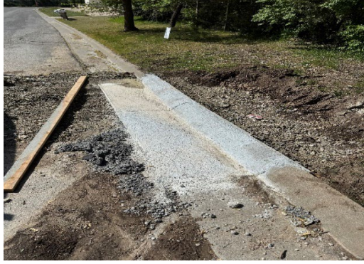
38 th and Parkwood
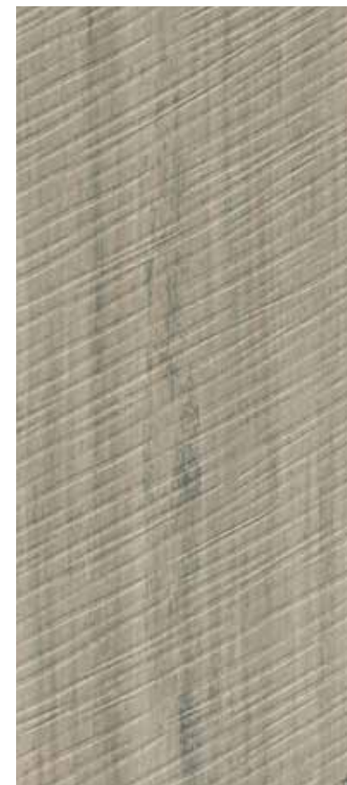
te3573 | trace of nature LRV 27% 100 x 25 cm NCS 5005 - Y20R
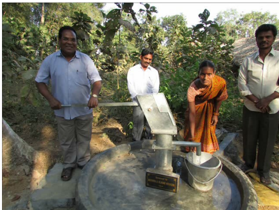
The well we sponsored last year
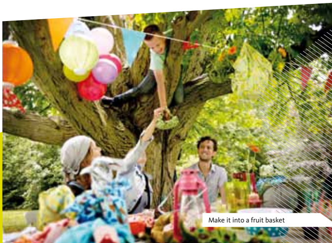
Make it into a fruit basket

A new concept which turns every gift into a surprise.

========================================

» **Exercise**: Reproduce exactly the lines from the one containing "te3573 | trace" through the last line of the records, both included, leaving out every picture.

» **Task output**:
te3573 | trace of nature LRV 27% 100 x 25 cm NCS 5005 - Y20R
The well we sponsored last year
Make it into a fruit basket

A new concept which turns every gift into a surprise.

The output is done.